Supplied data
=== Begin Enclosure ===

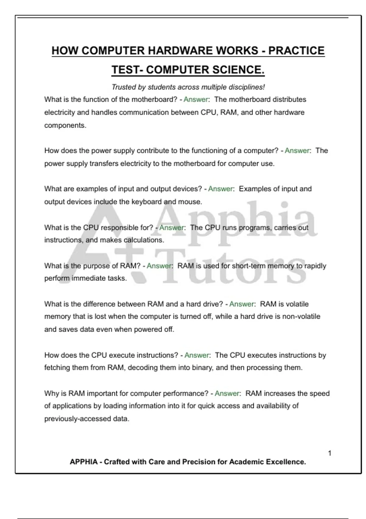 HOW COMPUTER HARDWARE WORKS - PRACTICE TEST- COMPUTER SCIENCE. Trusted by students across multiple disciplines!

=== End Enclosure ===
=== Begin Enclosure ===

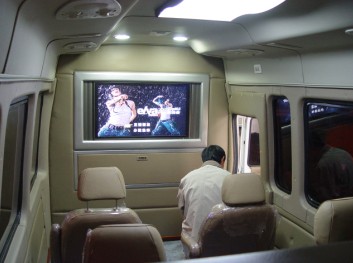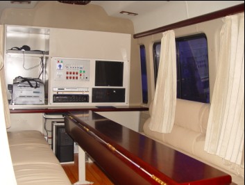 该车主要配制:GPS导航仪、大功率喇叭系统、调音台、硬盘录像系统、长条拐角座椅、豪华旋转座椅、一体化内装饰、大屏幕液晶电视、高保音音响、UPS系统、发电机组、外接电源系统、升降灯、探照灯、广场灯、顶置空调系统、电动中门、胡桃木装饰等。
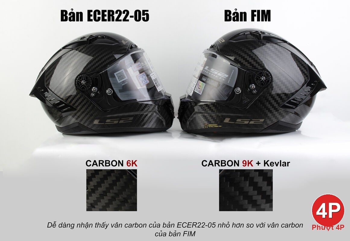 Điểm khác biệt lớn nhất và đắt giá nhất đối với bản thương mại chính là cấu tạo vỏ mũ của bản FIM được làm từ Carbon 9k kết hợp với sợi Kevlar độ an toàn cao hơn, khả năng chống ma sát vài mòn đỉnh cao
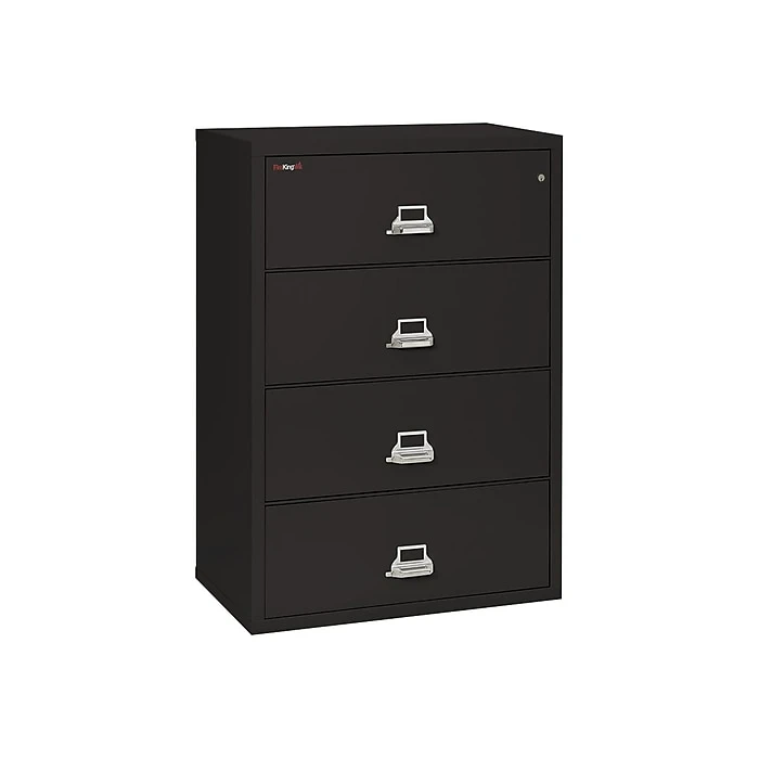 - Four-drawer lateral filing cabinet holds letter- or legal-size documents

=== End Enclosure ===
=== Begin Enclosure ===

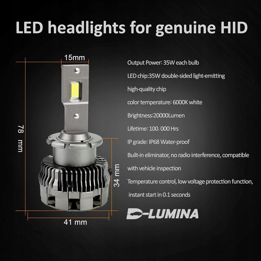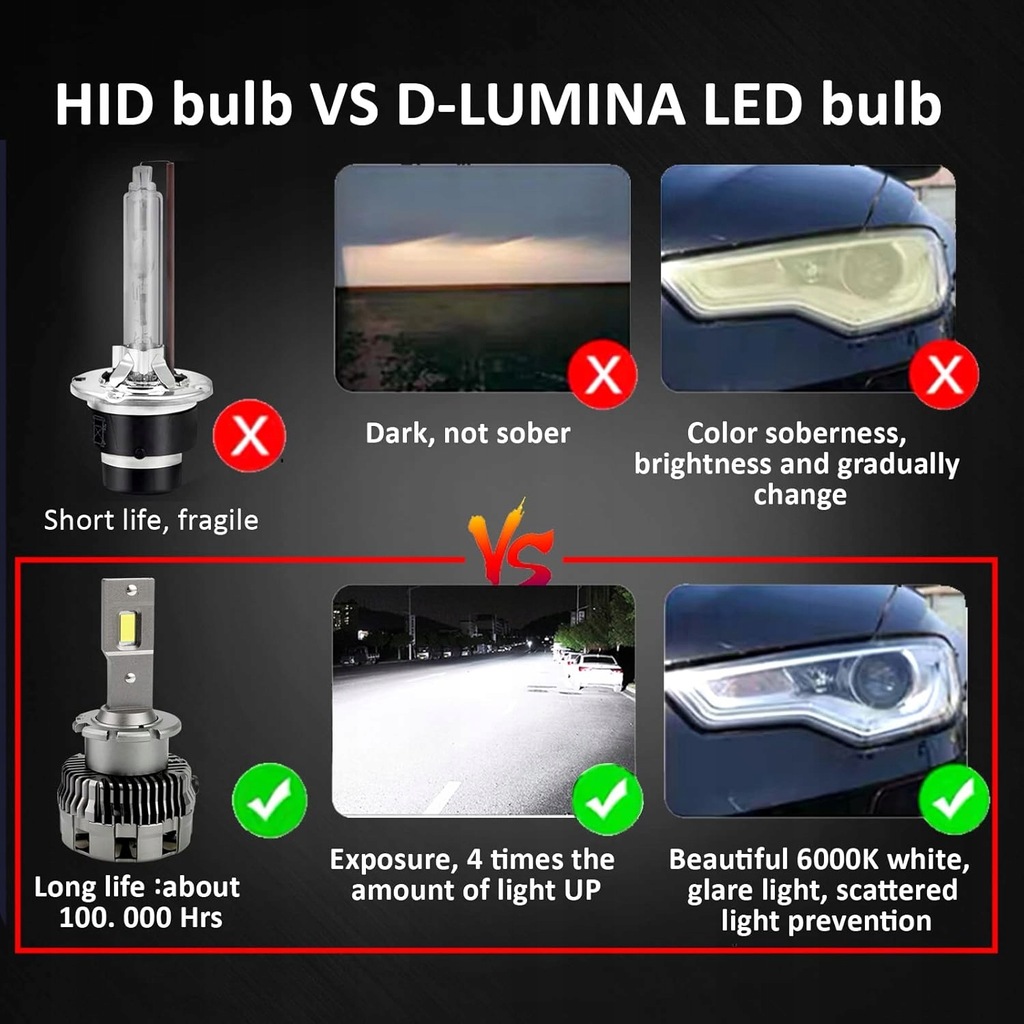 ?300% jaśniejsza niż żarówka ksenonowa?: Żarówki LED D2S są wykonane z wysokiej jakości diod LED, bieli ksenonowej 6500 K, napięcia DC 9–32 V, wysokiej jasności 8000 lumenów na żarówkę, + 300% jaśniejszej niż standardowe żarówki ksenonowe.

=== End Enclosure ===

Task statement
Print exactly the lines above that run from the one with "该车主要配制:GPS导航仪、" down to the one with "- Four-drawer lateral", and omit the pictures.

Problem solution
 该车主要配制:GPS导航仪、大功率喇叭系统、调音台、硬盘录像系统、长条拐角座椅、豪华旋转座椅、一体化内装饰、大屏幕液晶电视、高保音音响、UPS系统、发电机组、外接电源系统、升降灯、探照灯、广场灯、顶置空调系统、电动中门、胡桃木装饰等。
 Điểm khác biệt lớn nhất và đắt giá nhất đối với bản thương mại chính là cấu tạo vỏ mũ của bản FIM được làm từ Carbon 9k kết hợp với sợi Kevlar độ an toàn cao hơn, khả năng chống ma sát vài mòn đỉnh cao
 - Four-drawer lateral filing cabinet holds letter- or legal-size documents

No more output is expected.